Sdumo Dlamini. Picture: FREDDY MAVUNDA
Sdumo Dlamini. Picture: FREDDY MAVUNDA

THE Congress of South African Trade Unions (Cosatu) said on Wednesday the aim of the one-day strike planned for Friday is for employers immediately to address policy issues contributing to the rising cost of living for workers.

Workers in SA, with the exception of essential services, will be able to strike on Friday after Cosatu received a Section 77 strike notice to protest against the state of public transport in SA.

Cosatu is concerned that e-tolls have replaced the commitment to develop integrated public transport. Fragmented public transport networks mean the majority of workers spend more than 20% of their salary getting to and from work, Cosatu spokesman Sizwe Pamla said in a statement.

The march will also protest against unemployment and related socioeconomic conditions, including free education, in commemoration of International Decent Work Day, Cosatu said.

“This march will be about demanding that employers deal with the economic and employment crisis or face the wrath of the workers. If the South African economy fails to work for the workers, workers will ensure that it does not work for anyone,” Pamla said.

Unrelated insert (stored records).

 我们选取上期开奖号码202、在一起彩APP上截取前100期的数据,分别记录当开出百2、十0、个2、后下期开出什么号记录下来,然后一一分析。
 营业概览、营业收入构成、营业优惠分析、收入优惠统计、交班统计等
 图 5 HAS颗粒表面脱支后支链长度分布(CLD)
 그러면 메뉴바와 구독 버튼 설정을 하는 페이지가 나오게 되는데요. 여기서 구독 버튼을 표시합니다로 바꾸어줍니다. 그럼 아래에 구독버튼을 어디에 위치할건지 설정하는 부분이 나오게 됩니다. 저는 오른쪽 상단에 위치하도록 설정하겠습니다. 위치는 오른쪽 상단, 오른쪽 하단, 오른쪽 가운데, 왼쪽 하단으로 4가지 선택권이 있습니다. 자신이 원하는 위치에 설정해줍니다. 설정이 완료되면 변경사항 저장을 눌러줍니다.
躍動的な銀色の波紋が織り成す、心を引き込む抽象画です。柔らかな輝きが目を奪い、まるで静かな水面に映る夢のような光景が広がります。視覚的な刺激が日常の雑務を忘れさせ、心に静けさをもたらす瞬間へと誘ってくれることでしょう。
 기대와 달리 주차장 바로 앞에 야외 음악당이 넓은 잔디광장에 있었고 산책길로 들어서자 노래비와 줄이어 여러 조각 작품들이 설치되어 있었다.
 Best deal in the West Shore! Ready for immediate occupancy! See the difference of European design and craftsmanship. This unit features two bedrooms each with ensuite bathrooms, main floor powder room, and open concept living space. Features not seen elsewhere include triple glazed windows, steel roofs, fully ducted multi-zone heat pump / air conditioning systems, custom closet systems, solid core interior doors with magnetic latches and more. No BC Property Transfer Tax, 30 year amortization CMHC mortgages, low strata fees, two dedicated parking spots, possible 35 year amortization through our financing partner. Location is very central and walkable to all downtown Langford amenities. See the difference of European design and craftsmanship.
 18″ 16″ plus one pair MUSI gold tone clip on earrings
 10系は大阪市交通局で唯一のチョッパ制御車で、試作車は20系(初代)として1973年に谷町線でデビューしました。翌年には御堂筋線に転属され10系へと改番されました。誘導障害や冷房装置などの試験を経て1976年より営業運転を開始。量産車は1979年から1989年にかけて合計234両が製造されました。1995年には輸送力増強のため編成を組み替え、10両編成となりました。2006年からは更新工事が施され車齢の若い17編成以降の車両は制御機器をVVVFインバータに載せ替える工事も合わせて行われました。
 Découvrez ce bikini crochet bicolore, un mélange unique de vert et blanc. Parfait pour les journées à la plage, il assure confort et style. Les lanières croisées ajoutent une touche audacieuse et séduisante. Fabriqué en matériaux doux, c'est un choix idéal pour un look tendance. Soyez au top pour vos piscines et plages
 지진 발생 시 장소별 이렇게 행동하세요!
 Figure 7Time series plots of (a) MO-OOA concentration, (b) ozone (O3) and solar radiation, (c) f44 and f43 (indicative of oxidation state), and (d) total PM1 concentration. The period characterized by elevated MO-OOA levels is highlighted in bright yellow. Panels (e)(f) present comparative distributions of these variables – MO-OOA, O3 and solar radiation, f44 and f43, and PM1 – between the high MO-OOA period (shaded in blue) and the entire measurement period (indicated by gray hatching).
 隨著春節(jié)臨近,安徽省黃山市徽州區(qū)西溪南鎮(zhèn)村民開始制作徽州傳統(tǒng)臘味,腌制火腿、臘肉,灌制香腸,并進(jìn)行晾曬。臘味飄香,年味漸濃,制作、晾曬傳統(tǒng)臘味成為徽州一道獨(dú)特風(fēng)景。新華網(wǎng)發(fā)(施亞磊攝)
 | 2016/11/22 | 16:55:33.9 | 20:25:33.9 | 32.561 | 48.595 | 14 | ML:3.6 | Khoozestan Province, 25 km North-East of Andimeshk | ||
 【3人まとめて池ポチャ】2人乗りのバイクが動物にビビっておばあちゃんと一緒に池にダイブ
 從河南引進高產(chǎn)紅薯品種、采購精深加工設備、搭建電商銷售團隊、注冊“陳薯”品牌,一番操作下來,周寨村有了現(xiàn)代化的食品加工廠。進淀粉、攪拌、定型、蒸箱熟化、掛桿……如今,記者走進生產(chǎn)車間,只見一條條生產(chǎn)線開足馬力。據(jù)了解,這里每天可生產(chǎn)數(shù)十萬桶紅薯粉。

Business Unity SA (Busa) has expressed concern that the strike based on public transport issues could spill over into unprocedural protest action.

Noting that Cosatu’s application was based on a protest over public transport, Busa warned on Tuesday that protest that went beyond could damage investor sentiment.

Cosatu said on Wednesday that time was running out for the government to begin implementing a developmental state, saying it was “happy with the response from the workers” and could “safely say that workers are ready to send a clear message to both government and big business that the status quo is unacceptable”.

“It is unacceptable that the taxpayers’ money is spent to cater to the comfort of the elite, such as the building and expansion of Gautrain, including the construction of bicycle lanes all over the country, particularly where the white elite resides,” Cosatu said.